(Data shown):
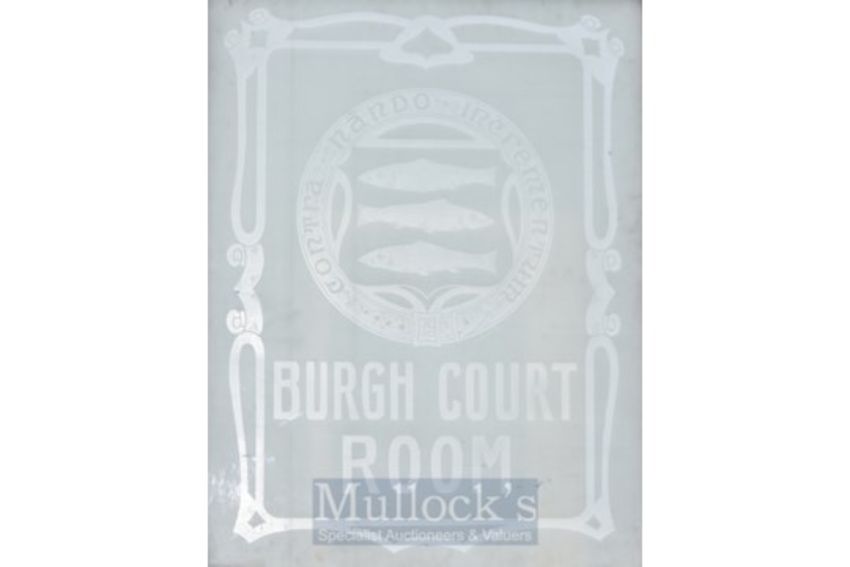 Scarce Scottish Court Heavy Glass Door Panel decorated with Fish: from the Peebles Courtroom with acid etched Crest comprising three fish and motto “Contra Nando Incrementum” – translated means “Against The Stream They Multiply” – with “The Burgh Court Room” below - mounted in wooden frame - panel measures 36.5 x 28” – small chip to one corner
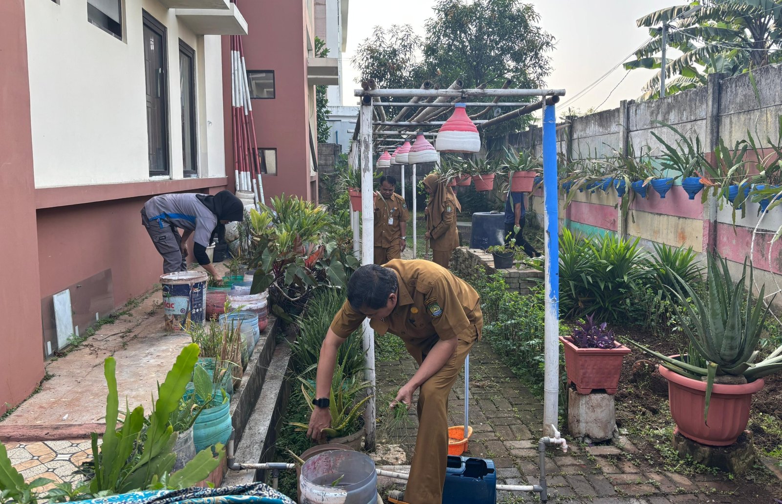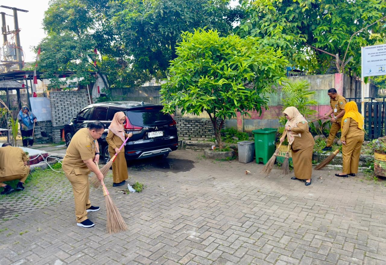 Seluruh jajaran pegawai, mulai dari ASN hingga nonASN, rutin turun langsung melakukan kerja bakti bersih-bersih setiap hari Selasa dan Jumat pagi di tujuh wilayah kelurahan se-Kecamatan Neglasari.
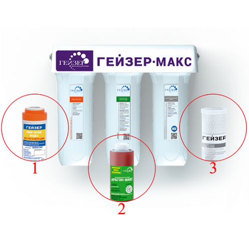 Проточный фильтр для воды Гейзер МаксВысокая эффективность удаления примесей (соли жесткости, желе..

(Task objective): Transcribe, without alteration, each line from the one with "Seluruh jajaran pegawai, mulai" through the last line of the data; no pictures belong in the copy.

(Solution):
 Seluruh jajaran pegawai, mulai dari ASN hingga nonASN, rutin turun langsung melakukan kerja bakti bersih-bersih setiap hari Selasa dan Jumat pagi di tujuh wilayah kelurahan se-Kecamatan Neglasari.
 Проточный фильтр для воды Гейзер МаксВысокая эффективность удаления примесей (соли жесткости, желе..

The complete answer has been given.